[Your objective] Without copying any picture, transcribe exactly the lines of the data below from the one containing "Pull-Back High-Top Men's" through the one containing "American actress and".

[Given records]
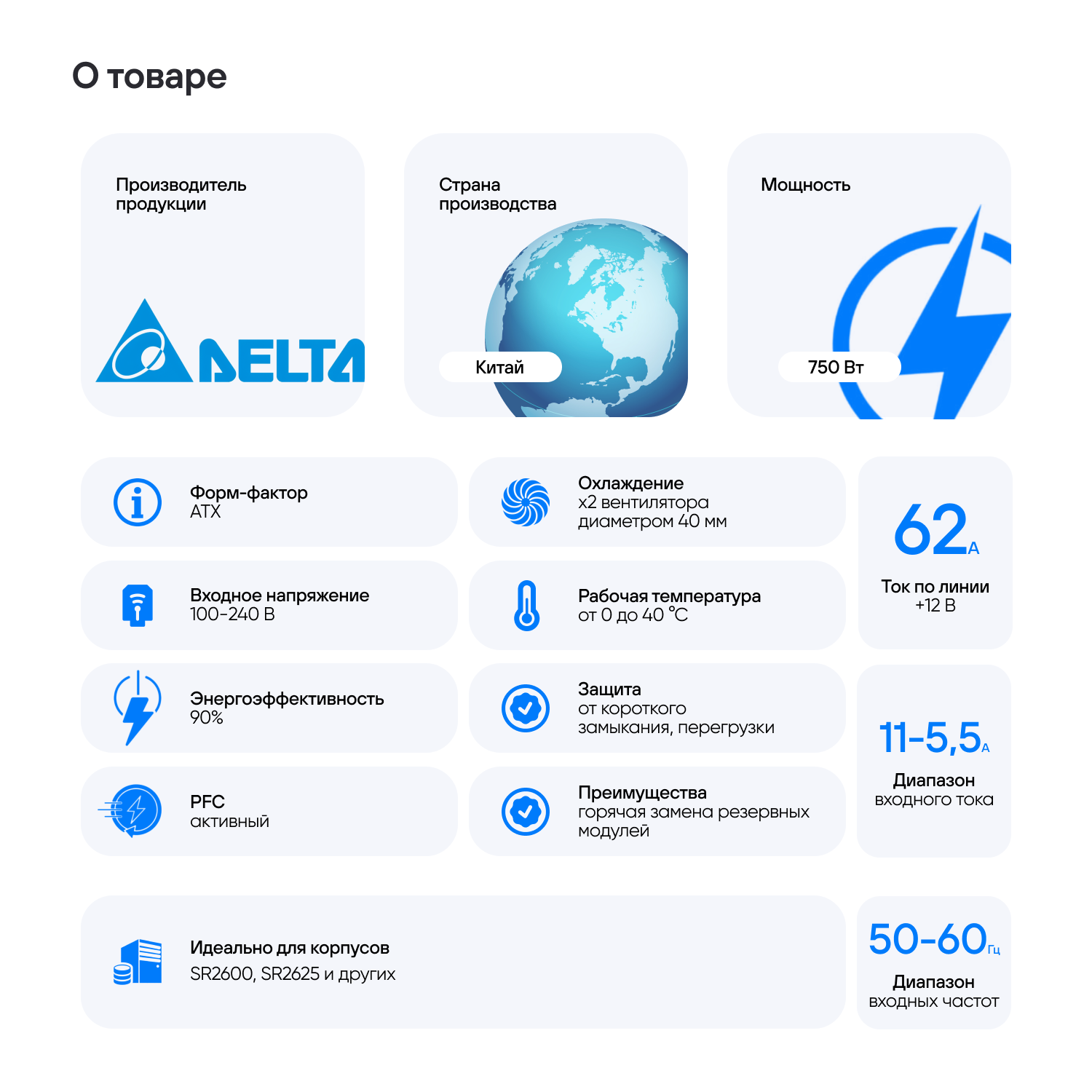 Блок питания Delta Electronics DPS-750EB A 750W Hot-swappable and Hot-Pluggable Supplies 105-000-162 ASR2500PS D20850-006 интересное:
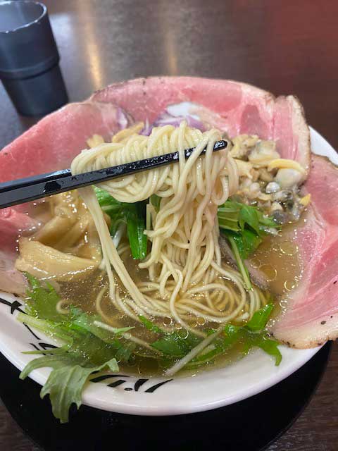 食べてみるととても美味しい!あっさりとしつつも濃厚な貝の出汁、さらりと喉ごしの良い麺。あさりのむき身も美味しい!なんだか看板との良い意味でのギャップがあります!
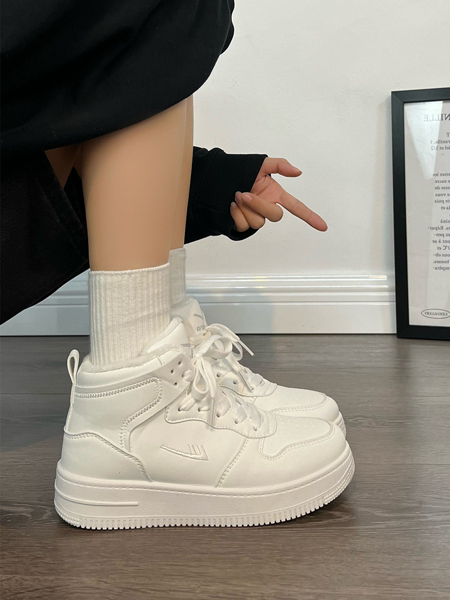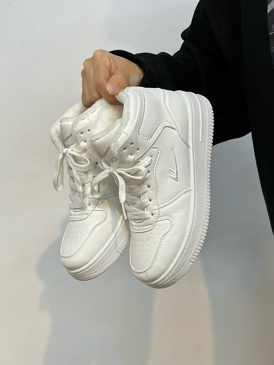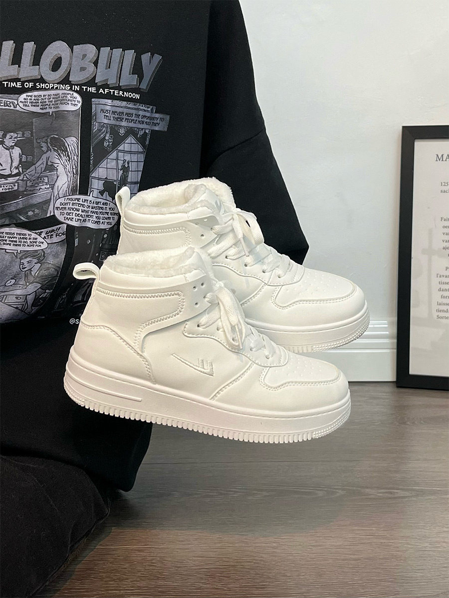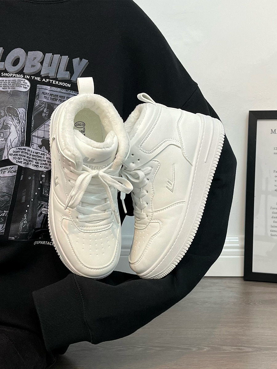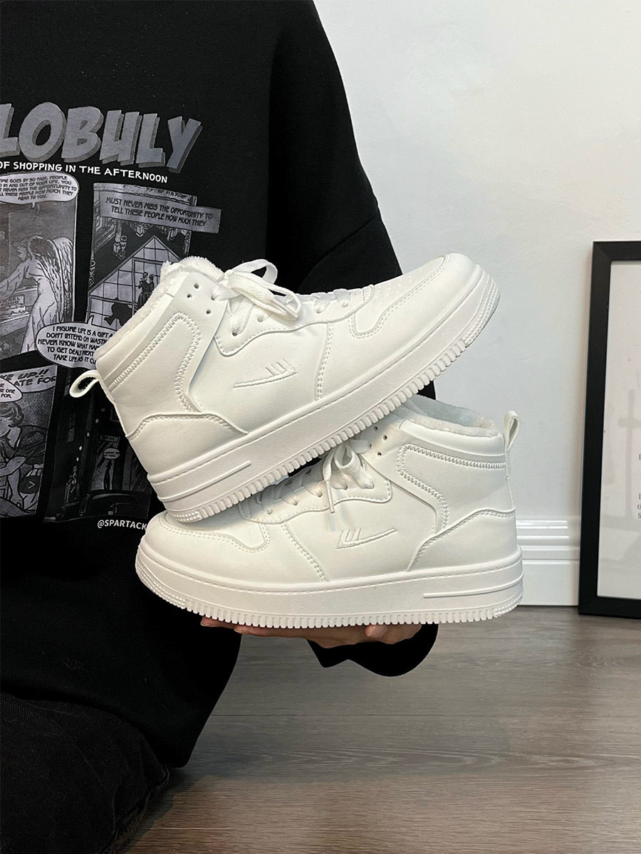 Pull-Back High-Top Men's Shoes for Autumn and Winter 2025, Versatile and Popular Thick-Soled Sneakers, New Warm Fleece-Lined White Cotton Shoes
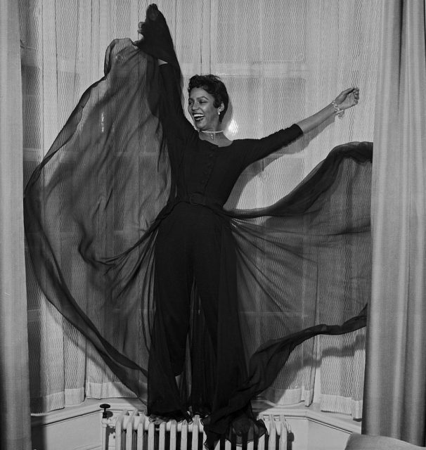 American actress and singer Dorothy Dandridge strikes a pose while standing on a radiator in a bay window in 1956.
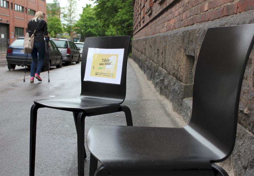 Helsingissä käynnistetään lajissaan ensimmäinen tuolikampanja. Nyt kansalaisilla on mahdollisuus laittaa tuoli kadulle ja tarjota istuin ohikulkijan levähdyspaikaksi.
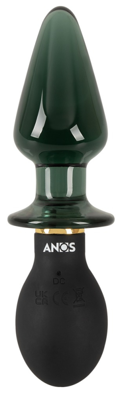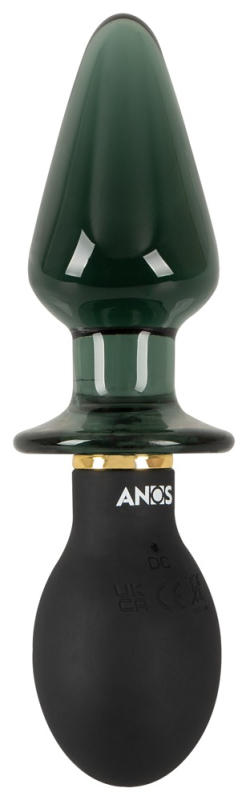 Formschöner Double-ended Butt Plug with Vibration von ANOS im hochwertigen Material-Mix, der alle Vorteile eines Silikon- und eines Glas-Vibroplugs in sich vereint. Beidseitig anal bespielbar: Eine Seite mit abgerundetem seidig softem Silikon-Plug, andere Seite mit massivem glatten, konisch zulaufendem Glas-Plug. In der verjüngten Mitte mit breitem Stopper, der ein Hineinrutschen der Plugs sicher verhindert.
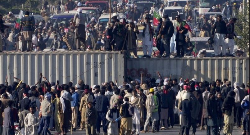 जेल में बंद पूर्व प्रधानमंत्री इमरान खान के समर्थकों का विरोध प्रदर्शन घातक होने के बाद मंगलवार को पाकिस्तान में हिंसा भड़क गई, जिसमें छह सुरक्षाकर्मियों की मौत हो गई और 100 से अधिक घायल हो गए। स्थिति बिगड़ने पर संघीय सरकार ने इस्लामाबाद में सेना तैनात कर दी और देखते ही गोली मारने के आदेश जारी कर दिए। खान की पाकिस्तान तहरीक-ए-इंसाफ (पीटीआई) पार्टी द्वारा आयोजित विरोध प्रदर्शन का उद्देश्य उनकी रिहाई और अन्य राजनीतिक मांगों के लिए सरकार पर दबाव बनाना था।
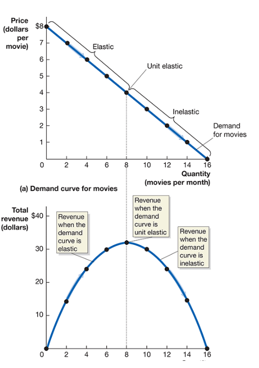 Revenue is maximized at the point where demand becomes unit elastic.
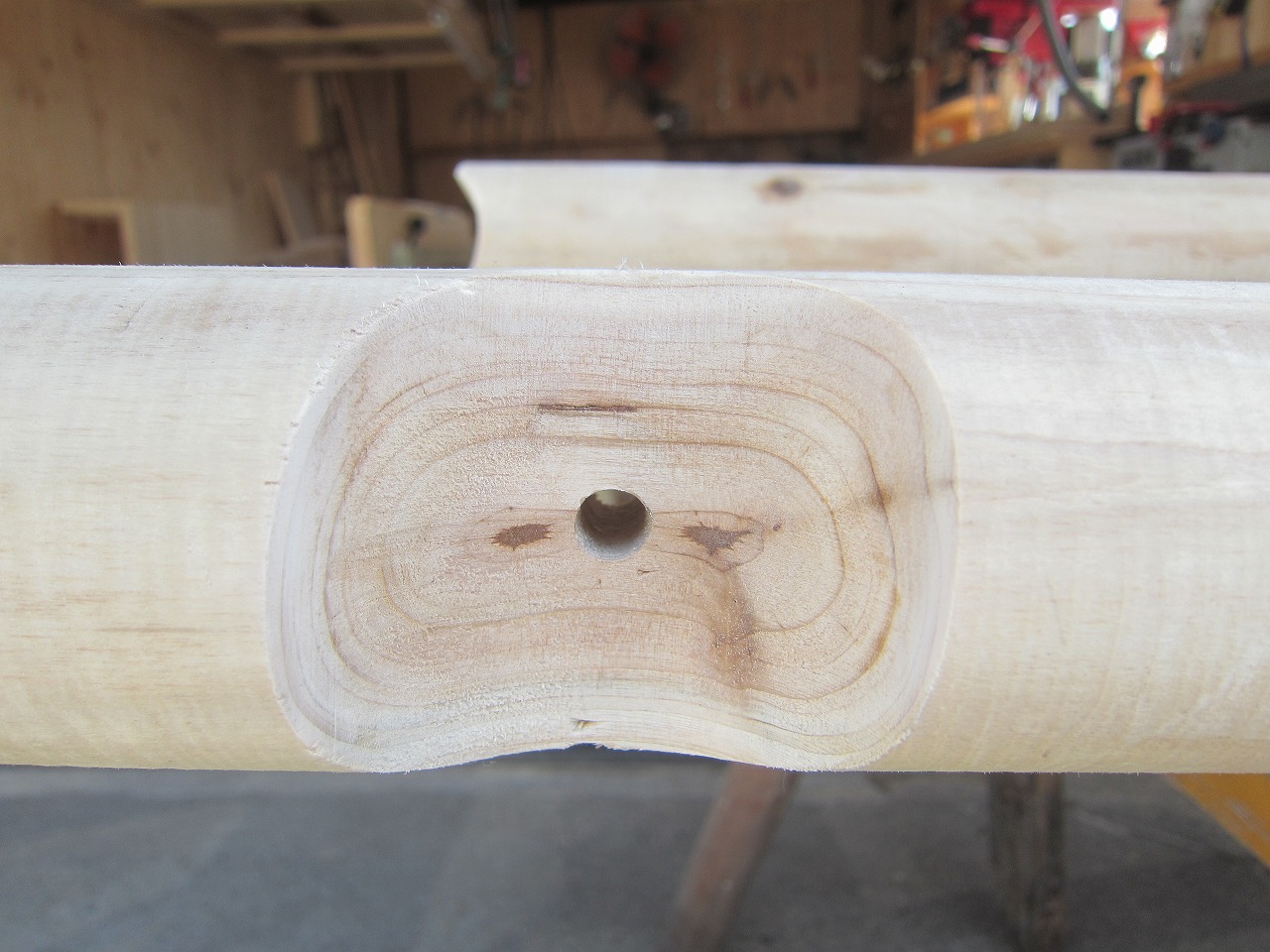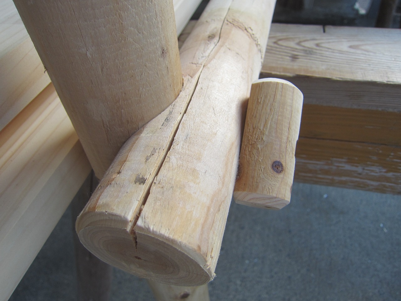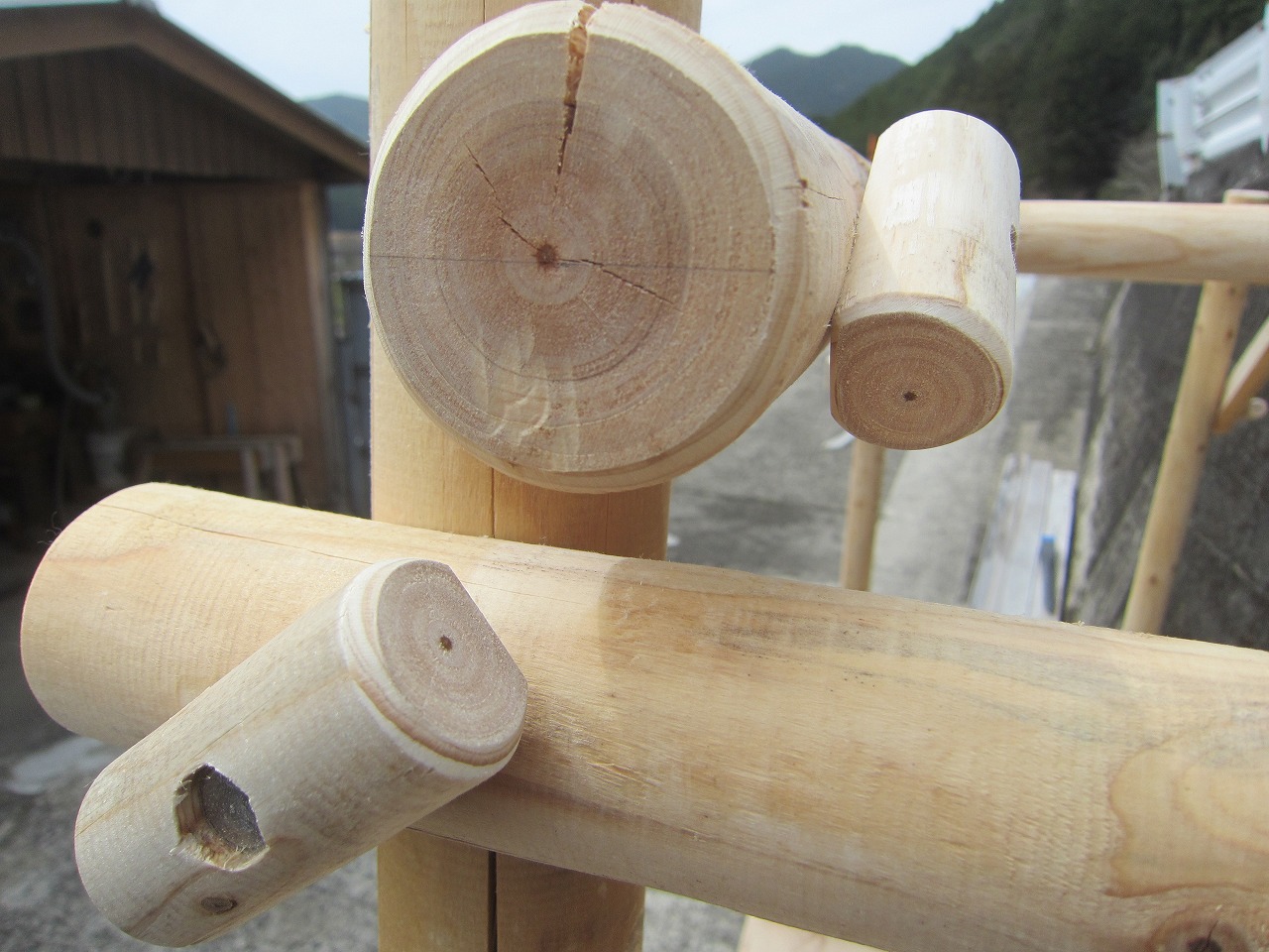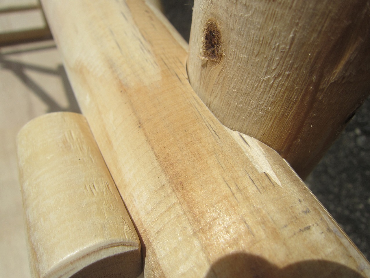 こちらで組んだ時に付いた丸棒を押し込んだ摺り跡(へこみあと)を再利用すると組みやすいです。

[Worked solution]
 Pull-Back High-Top Men's Shoes for Autumn and Winter 2025, Versatile and Popular Thick-Soled Sneakers, New Warm Fleece-Lined White Cotton Shoes
 American actress and singer Dorothy Dandridge strikes a pose while standing on a radiator in a bay window in 1956.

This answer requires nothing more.